Of all the World War II home front stories I’ve heard in my lifetime, I found this one to be the most fascinating!

When the Men Were Gone, by Marjorie Herrera Lewis, is a glimpse at life in rural Texas during World War II.  Courage was not restricted to the battlefield, nor was it confined to only men.  This novel – which is based on a true story – tells the tale of a woman who had the courage to fight a deep-set Texas tradition, thereby saving the boys and the game she loved.

I think – unless you actually lived in that time and place – it’s easy to overlook some of the things Americans endured during that war.  For us baby boomers, this story encapsulates a distinct slice of life in the generation immediately preceding ours.  It’s possible that our parents actually confronted some of the same issues Marjorie Herrera Lewis brings to light.

The Stakes of When the Men Were Gone

The entire story is told through the eyes of the protagonist, Tylene Wilson, a Texas high school administrator.  What really drew me into the story was the dilemma she was faced with: if the high school boys could not play football, they would likely drop out, enlist in the military and head overseas to war.  That dilemma was further complicated by the fact that all eligible football coaches were either overseas or already killed in action.  All except for possibly one: our protagonist – a woman.

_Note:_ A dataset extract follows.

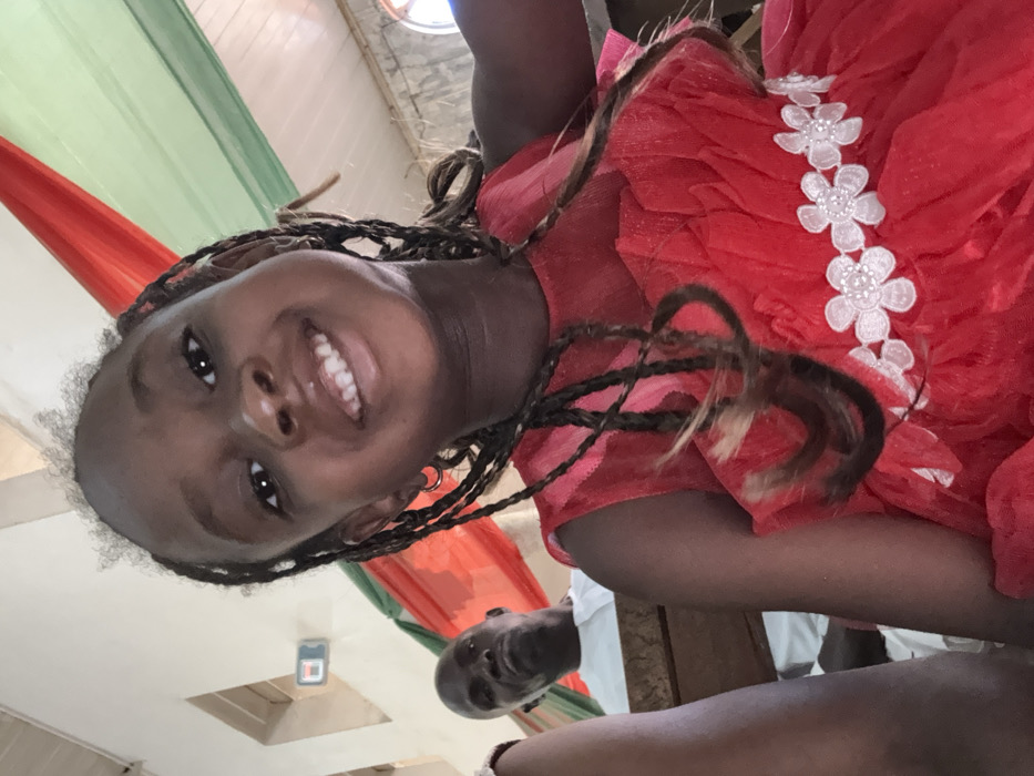 An indoor, eye-level photograph captures a young Black girl, approximately 5-7 years old, positioned prominently in the foreground, facing directly towards the camera with a wide smile revealing her teeth

Through Tylene’s eyes, the author makes us privy to the struggle she has within.  Throughout most of the story, I kept asking myself: is it worth it?  If I were Tylene, would I do what she did?

If you crave a story with conflict, this one is definitely for you!  In addition to her own inner conflict, Tylene must endure a plethora of social conflict, as well as some physical stuff.

I love how the author really brings this one home.  In one scene, for example, Tylene is navigating the sideline while wearing a dress and heels!  The description here is really top notch!  You can absolutely feel what needs to be felt.

Technically Speaking

There were only a few SPAG errors that I noted. Kudos to the editors. The overall pacing of the story was also very good.

I mentioned it before, but it’s worth saying it again.  What really drove this story [for me] was the author’s style of description.  I felt the nostalgia that was 1940s Texas.  All the senses were touched on.  For a debut novel, this was extraordinary!

My only real critical comment is that I did not like the way the author brought the story to a close.  That’s a very personal thing, and I don’t expect people to necessarily agree with me.  However, that was my only reason for taking one star away from this review.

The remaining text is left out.